* **WHAT IS NEEDED**: The job is to find each line in the entries holding the string "todo" and copy that line.

Dataset entries:

◇ ◇ ◇ ◇ ◇ ◇ ◇

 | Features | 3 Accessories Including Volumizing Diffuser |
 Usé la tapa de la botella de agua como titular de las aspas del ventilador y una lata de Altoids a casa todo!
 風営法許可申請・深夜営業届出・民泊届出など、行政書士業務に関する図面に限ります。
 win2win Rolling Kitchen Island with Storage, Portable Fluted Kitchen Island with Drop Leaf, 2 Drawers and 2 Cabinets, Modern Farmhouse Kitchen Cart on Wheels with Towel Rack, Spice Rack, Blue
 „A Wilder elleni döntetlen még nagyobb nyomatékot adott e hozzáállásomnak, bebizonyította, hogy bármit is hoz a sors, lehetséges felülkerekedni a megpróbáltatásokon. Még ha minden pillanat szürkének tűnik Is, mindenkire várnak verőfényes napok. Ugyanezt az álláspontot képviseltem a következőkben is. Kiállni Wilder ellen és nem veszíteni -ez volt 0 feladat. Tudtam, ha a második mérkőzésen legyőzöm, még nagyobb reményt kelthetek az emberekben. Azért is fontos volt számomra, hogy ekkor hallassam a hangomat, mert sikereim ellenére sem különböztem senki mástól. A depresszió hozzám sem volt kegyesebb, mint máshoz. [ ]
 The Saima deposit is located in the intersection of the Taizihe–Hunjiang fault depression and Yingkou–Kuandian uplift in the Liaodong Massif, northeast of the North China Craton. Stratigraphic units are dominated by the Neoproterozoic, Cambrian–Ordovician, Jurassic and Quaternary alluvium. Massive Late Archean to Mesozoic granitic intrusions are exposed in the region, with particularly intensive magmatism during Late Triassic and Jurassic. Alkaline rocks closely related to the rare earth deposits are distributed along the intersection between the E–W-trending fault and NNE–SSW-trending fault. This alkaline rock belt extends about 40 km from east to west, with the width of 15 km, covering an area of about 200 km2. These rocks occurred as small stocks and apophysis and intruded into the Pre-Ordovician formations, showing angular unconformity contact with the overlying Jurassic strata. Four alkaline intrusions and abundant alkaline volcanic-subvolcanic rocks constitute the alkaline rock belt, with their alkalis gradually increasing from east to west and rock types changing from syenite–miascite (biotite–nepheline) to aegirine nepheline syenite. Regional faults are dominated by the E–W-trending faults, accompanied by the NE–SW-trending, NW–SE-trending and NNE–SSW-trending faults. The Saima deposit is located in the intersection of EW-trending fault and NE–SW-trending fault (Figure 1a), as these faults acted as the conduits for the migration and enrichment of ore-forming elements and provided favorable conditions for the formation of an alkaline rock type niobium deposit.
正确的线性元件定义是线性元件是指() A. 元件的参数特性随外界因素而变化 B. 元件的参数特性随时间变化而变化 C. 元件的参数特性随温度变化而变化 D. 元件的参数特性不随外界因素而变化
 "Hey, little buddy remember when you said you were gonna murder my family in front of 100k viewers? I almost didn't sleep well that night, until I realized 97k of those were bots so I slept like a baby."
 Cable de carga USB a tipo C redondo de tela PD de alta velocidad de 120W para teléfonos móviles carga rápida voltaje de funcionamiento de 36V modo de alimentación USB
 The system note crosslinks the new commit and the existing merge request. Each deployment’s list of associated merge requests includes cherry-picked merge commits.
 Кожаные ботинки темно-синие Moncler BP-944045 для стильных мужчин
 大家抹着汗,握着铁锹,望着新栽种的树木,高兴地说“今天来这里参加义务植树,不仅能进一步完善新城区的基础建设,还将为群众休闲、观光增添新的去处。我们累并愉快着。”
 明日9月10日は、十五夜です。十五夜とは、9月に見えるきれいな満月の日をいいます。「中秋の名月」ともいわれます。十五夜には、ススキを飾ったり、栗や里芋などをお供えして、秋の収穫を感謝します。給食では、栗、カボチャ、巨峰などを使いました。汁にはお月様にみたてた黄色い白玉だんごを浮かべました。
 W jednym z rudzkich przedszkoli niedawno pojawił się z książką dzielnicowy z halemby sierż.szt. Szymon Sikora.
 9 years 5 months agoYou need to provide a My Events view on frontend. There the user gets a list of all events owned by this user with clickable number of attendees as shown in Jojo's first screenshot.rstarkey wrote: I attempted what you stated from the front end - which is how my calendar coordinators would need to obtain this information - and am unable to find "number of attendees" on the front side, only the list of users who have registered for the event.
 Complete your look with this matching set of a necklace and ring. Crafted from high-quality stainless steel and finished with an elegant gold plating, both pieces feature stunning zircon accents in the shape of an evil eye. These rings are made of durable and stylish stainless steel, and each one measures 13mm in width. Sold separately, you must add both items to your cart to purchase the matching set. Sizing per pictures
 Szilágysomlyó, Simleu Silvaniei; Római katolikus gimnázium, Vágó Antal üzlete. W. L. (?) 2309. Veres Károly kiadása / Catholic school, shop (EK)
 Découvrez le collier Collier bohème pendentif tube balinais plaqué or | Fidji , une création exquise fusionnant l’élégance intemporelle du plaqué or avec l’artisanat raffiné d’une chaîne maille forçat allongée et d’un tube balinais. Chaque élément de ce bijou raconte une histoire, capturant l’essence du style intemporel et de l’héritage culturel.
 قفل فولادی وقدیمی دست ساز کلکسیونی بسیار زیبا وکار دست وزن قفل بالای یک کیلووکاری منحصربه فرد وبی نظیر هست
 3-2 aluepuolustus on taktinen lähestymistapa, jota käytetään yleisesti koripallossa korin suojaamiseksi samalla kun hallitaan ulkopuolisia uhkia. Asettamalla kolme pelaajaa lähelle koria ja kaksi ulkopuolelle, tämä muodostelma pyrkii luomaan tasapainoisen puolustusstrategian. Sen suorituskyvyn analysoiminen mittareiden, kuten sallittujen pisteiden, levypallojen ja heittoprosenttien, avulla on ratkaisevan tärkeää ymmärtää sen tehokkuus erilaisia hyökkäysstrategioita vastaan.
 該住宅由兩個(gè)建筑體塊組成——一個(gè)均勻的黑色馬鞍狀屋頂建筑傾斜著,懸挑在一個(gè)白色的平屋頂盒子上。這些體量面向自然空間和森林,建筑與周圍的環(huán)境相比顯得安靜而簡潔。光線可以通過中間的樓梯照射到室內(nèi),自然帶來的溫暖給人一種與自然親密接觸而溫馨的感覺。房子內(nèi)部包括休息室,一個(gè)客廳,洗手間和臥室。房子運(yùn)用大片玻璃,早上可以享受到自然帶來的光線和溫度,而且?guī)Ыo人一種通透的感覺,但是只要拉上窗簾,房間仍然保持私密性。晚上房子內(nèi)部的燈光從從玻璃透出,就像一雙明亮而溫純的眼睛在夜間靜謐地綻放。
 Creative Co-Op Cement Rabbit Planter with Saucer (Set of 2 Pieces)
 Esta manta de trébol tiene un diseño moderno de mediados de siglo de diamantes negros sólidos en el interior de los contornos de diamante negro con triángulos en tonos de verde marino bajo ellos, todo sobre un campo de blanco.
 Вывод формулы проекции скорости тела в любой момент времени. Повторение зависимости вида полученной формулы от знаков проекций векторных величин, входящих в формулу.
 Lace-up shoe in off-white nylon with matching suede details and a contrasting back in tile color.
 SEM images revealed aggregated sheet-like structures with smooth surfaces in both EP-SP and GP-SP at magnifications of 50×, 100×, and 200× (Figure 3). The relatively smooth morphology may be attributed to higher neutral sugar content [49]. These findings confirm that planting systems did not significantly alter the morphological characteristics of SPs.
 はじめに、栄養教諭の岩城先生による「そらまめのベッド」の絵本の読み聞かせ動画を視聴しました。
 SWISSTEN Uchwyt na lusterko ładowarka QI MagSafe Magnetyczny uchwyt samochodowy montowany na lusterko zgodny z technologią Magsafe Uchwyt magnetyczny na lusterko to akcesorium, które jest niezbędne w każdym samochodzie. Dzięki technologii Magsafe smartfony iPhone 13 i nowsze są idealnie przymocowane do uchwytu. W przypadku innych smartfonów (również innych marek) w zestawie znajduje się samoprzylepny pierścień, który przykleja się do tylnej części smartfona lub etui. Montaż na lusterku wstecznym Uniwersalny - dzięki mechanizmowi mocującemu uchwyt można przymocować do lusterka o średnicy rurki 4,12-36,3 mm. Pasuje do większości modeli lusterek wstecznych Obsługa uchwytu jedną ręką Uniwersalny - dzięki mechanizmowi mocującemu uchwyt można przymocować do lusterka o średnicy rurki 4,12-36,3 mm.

◇ ◇ ◇ ◇ ◇ ◇ ◇

* **ANSWER FOR THE TASK**:
 Usé la tapa de la botella de agua como titular de las aspas del ventilador y una lata de Altoids a casa todo!
 Esta manta de trébol tiene un diseño moderno de mediados de siglo de diamantes negros sólidos en el interior de los contornos de diamante negro con triángulos en tonos de verde marino bajo ellos, todo sobre un campo de blanco.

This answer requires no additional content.